Выбрать главу

В результате, большинство комментариев, сделанных в прессе специалистами по россиеведению и другим родственным дисциплинам, и по содержанию, и по интонации мало чем отличалось от комментариев журналистов. Подчас научные комментарии отличались даже большей «идейностью» и большим миссионерским порывом. Учёные были уверены в необходимости для России «западной экономической стратегии» и «западного присутствия» в широких масштабах под руководством США. Мнение, что Америка должна воспользоваться предоставленным ей шансом «изменить традиционную схему русской истории», без сомнения, было общим{43}.

И, подобно американским политикам и журналистам, большинство учёных, конечно, считало Бориса Ельцина единственным «гарантом реформ» в России. Один историк из университета Беркли даже поставил его в один ряд с Петром I, Джоном Локком и Томасом Джефферсоном{44}. Оппоненты Ельцина, даже не являющиеся коммунистами, были однозначно отвергнуты как «реформаторы-волынщики», «старореформаторы», «вредители» и «возмутители недовольной черни»{45}.

События 1993 г. стали своеобразным моральным тестом и для университетских профессоров. Считая, что «давно назрела» необходимость действовать, они побуждали Ельцина отбросить «политическую корректность» и «свергнуть» избранный парламент, или, как советовал один гарвардский историк, «прибегнуть к методам, неприемлемым на Западе». А чтобы кто-нибудь не усомнился в достаточной для этого легитимности Ельцина, один йельский специалист по конституции сравнил его с Джорджем Вашингтоном, причём сравнение было в пользу Ельцина{46}.

Это был позорный эпизод в истории академического россиеведения, но не главный, с точки зрения участия в коллективном американском безумии 90-х гг. Гораздо большее значение имело то, что учёные сумели подвести историческую и юридическую базу под главную лже-идею американского крестового похода — о переходе России от коммунизма к капитализму и демократии американского типа. Эта идея «перехода» не только придала осмысленность американской политике, но и обеспечила прессу — материалом для публикаций, а учёных — новой парадигмой для исследований, грантов и, в конечном счёте, для своей карьеры.

«ТРАНЗИТОЛОГИЯ»

Общей чертой американских россиеведов является предпочтение согласия, даже на ортодоксальной основе, спору и разногласиям. Возможно, подобная тяга к консенсусу была реакцией на политические сквозняки, периодически возникавшие в академической сфере, начиная с эпохи маккартизма. Роль ортодоксии в 1940–70-е гг. играла тоталитарная модель. Её приверженцы, чьё влияние было преобладающим в университетской среде, утверждали, что именно тоталитарная модель полностью объясняет перипетии советской истории, особенности советской системы и невозможность любых изменений в её рамках.

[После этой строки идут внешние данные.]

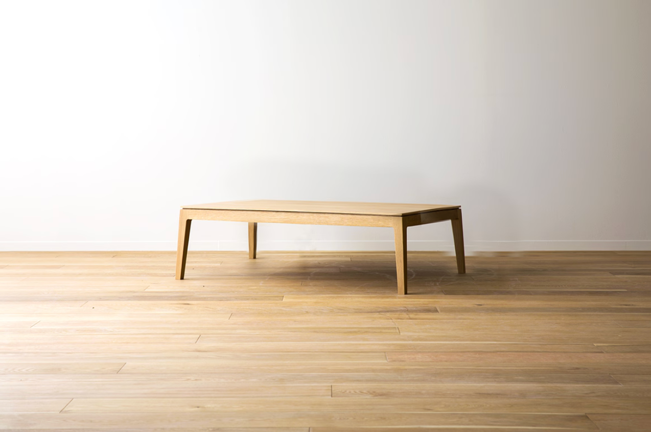 TAKANO MOKKOU - The MOL Coffee Table is a masterclass in balance, merging modern design with the soul of handcrafted artistry. Defined by its "simple beauty," this table features a clean, timeless silhouette that instantly elevates any living area. The combination of its tall, stylish legs and a meticulously slim tabletop creates a light, airy presence that feels weightless, yet it possesses the unmistakable aura of high-quality furniture that commands attention from every angle.

В годы «холодной войны» тоталитарный подход означал идеологически выдержанный способ обвинения Советского Союза — «прикрепление подобающего ярлыка на неподобающую систему», как заметил один критик. Но как всякая ортодоксия, тоталитаризм скрывал больше, чем обнажал. Уже в канун горбачёвских реформ 80-х гг., опровергнувших аксиому о нереформируемости советской системы, исследования нового поколения американских учёных нанесли урон тоталитарной школе, как в исторической, так и в политологической области{47}.

Конец Советского Союза потребовал иного рода консенсуса, и он не замедлил возникнуть. С начала 90-х гг. американские специалисты по посткоммунистической России с энтузиазмом подхватили новую направляющую идею. Известная под названием «транзитология», или «наука о переходе», она более достойна названия «наука о переходном периоде», что в большей степени раскрывает её смысл.

Не все учёные приняли новый подход. Как и в журналистике, существовали замечательные исключения. Однако, в рамках правил наука о переходном периоде стала «почти ортодоксией» — «стандартным набором», преобладающей темой и «способом постановки вопросов». Десятилетиями слово «тоталитарный» было неотъемлемым атрибутом названий книг и статей, теперь его заменило слово «переходный»{48}.